Pete then told me he was going on another ten day fast soon.
This I wanted to see. Each day he turned up just with his VB stubbie holder which he pissed into and then rinsed out after with water.
I went through all the obvious questions with him and he answered them like he had to a million people before.
'The idea that piss is disgusting is only an idea in your head', he said, 'And just like normal medicine didn't taste so good neither did piss but the healthier you were and the less shit and more raw food you put into your body the better it tasted,' he said. 'Mine just tastes like slightly scented water' he added proudly.
Anyway, after ten days drinking nothing but a glass of water and his own piss, he looked a bit skinnier but other than that he was glowing and seemed fine.

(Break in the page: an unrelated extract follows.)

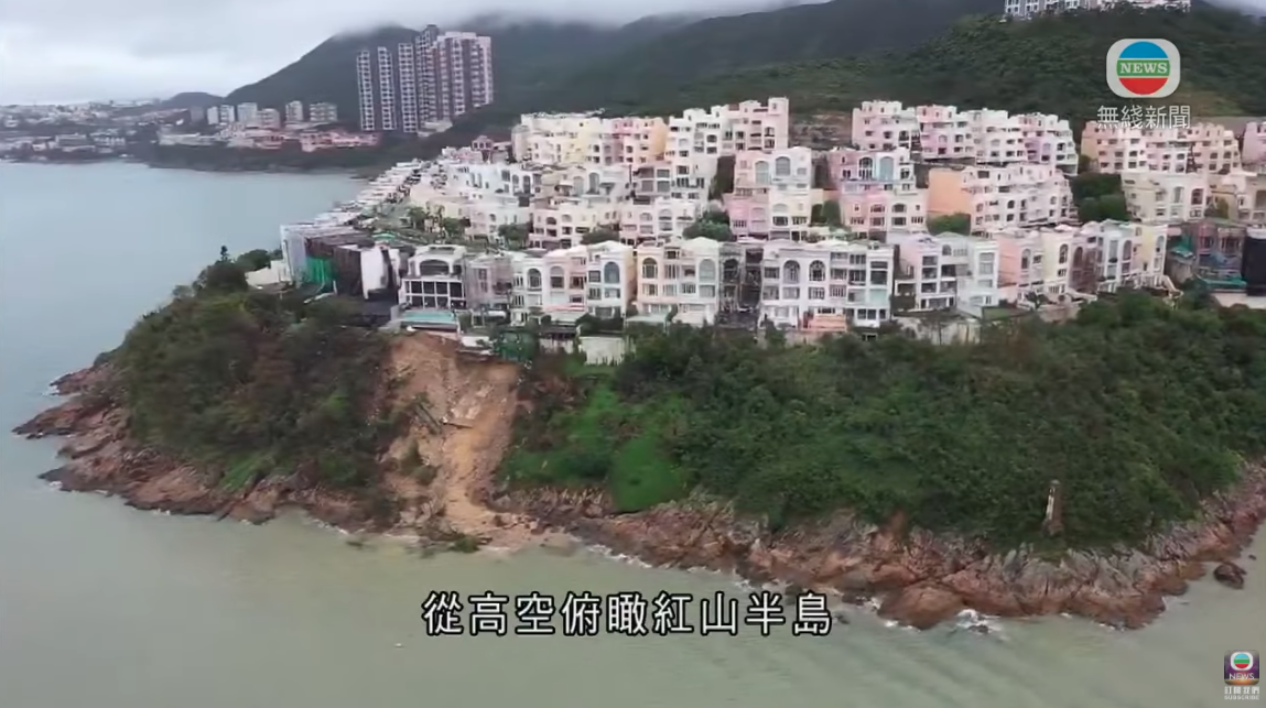 上星期世紀暴雨襲港,黑雨警告破紀錄懸掛超過16小時,多區發生至少60宗山泥傾瀉,當中港島大潭豪宅紅山半島第70、72及74號屋臨海方向的斜坡發生山泥傾瀉,部分地基外露並懸空,非常危險。事後70號及72號屋被揭涉及僭建,而74號屋的業主就拒絕屋宇署人員入內視察環境。

He also said that when goes on this diet he realised how much time he spent each day preparing food, eating it and cleaning up afterwards.
'Not when you're on the piss diet' he added. 'You've got so much more free time!'
It was time for me to try too. I'd done my research and needed to try it. I did it one morning in the shower with a plastic cup. I got it down. One gulp. I couldn't do the second gulp though.

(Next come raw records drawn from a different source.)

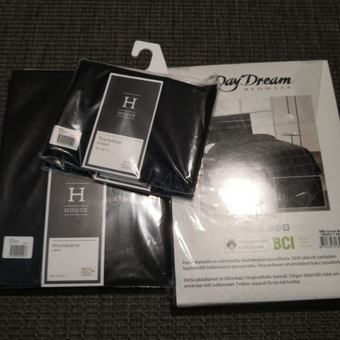 Tyynyliinojen sivuissa 5cm helmat. Väri on ruskea ja luonnonvalkoinen. Napit löytyy pussilakanasta.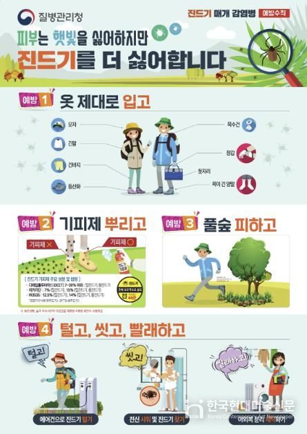 진드기 매개 감염병 예방을 위해서는 ▲야외 활동 시 진드기 기피제 사용 및 긴소매·긴바지·모자 등 착용으로 피부 노출 최소화 ▲야외활동 후 즉시 샤워 및 옷 갈아입기 ▲얼굴, 귀, 몸통 등에 진드기 부착 여부 확인 등의 수칙을 지켜야 한다.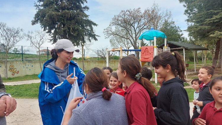Öykü Gürman, öğrencilere şeker ve çikolata ikram ederek jest yaptı.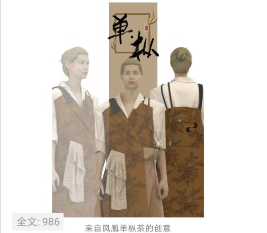 田晋玮同学为了探寻“凤凰单枞茶”的设计内涵,无数次在冲泡品味观察的过程中获得了创作灵感。他的创作以茶色为主色调,通过对茶叶的形态以及茶在冲泡过程中色彩、气味等进行分析与服装结合碰撞,展现了单枞茶的特点和文化内涵。高级成衣3D建模运用刺绣、镂空、比例等表现手法,增添了设计的魅力。

Then I tried it again a week later. Once I got over the mental idea that it was disgusting, I soon fournd it was easy. Especially when I mentally thought how good it was for me.

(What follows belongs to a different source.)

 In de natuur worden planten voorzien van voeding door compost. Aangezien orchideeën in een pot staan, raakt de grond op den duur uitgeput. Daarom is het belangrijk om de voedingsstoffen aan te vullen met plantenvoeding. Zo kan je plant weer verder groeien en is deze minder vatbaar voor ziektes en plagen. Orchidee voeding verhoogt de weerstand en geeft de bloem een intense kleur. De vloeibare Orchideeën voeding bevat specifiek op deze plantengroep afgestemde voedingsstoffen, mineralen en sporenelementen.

I don't want to do the ten day diet, unless I get cancer or something but since then I've been having a cup most mornings midstream from my first piss when I remember.
This is meant to be the best stuff full of healthy hormones and anti-cancer fighting shit and will keep your body re-calibrating towards health so 'they say'. And it's worked so far. I haven't been sick since. I don't do it every day or if I've been eating shit and not drinking lots of water. Usually I forget but it's also good for keeping your teeth clean, your gums healthy and it's also good for any skin infection from athlete’s foot to psoriasis. And it perfectly benign and sterile straight from the tap. I won't go on! You get the picture!?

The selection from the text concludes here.